SOURCE MATERIAL =>
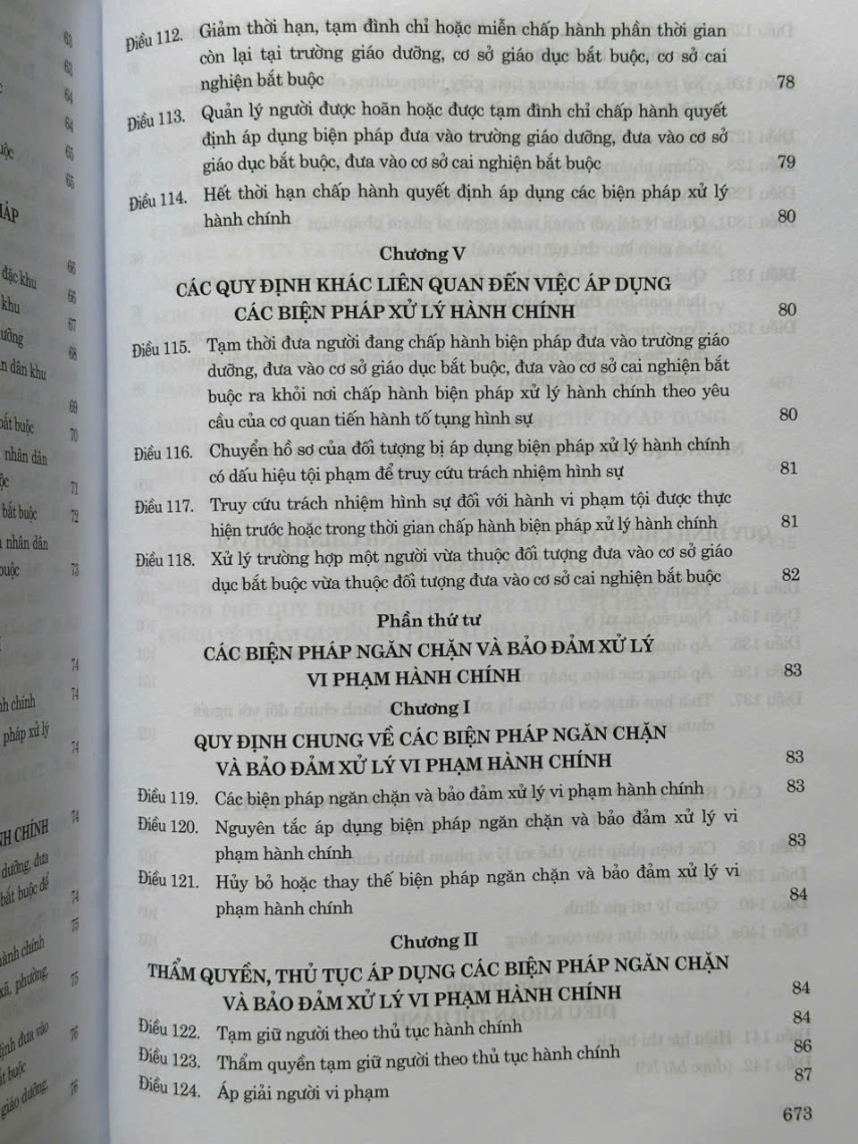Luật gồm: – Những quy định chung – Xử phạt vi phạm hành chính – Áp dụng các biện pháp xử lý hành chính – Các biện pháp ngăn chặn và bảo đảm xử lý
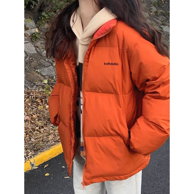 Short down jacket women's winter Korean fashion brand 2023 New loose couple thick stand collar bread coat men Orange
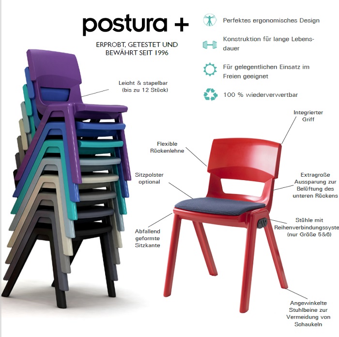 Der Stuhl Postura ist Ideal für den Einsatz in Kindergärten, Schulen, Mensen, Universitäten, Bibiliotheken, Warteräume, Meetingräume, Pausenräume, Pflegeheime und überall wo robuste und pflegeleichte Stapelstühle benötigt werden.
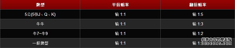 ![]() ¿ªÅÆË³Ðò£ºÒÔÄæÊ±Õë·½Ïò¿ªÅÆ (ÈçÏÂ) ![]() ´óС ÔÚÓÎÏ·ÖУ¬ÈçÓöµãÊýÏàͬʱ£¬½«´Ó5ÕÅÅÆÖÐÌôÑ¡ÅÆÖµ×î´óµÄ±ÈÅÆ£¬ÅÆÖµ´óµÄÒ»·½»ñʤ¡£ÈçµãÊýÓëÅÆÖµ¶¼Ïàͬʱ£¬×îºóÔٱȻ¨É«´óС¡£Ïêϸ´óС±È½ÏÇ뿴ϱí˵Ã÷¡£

WHAT YOU WILL DO =>
Reproduce the entire listing exactly, except for any pictures it contains.

COMPLETED EXERCISE =>
Luật gồm: – Những quy định chung – Xử phạt vi phạm hành chính – Áp dụng các biện pháp xử lý hành chính – Các biện pháp ngăn chặn và bảo đảm xử lý
 Short down jacket women's winter Korean fashion brand 2023 New loose couple thick stand collar bread coat men Orange
 Der Stuhl Postura ist Ideal für den Einsatz in Kindergärten, Schulen, Mensen, Universitäten, Bibiliotheken, Warteräume, Meetingräume, Pausenräume, Pflegeheime und überall wo robuste und pflegeleichte Stapelstühle benötigt werden.
 ![]() ¿ªÅÆË³Ðò£ºÒÔÄæÊ±Õë·½Ïò¿ªÅÆ (ÈçÏÂ) ![]() ´óС ÔÚÓÎÏ·ÖУ¬ÈçÓöµãÊýÏàͬʱ£¬½«´Ó5ÕÅÅÆÖÐÌôÑ¡ÅÆÖµ×î´óµÄ±ÈÅÆ£¬ÅÆÖµ´óµÄÒ»·½»ñʤ¡£ÈçµãÊýÓëÅÆÖµ¶¼Ïàͬʱ£¬×îºóÔٱȻ¨É«´óС¡£Ïêϸ´óС±È½ÏÇ뿴ϱí˵Ã÷¡£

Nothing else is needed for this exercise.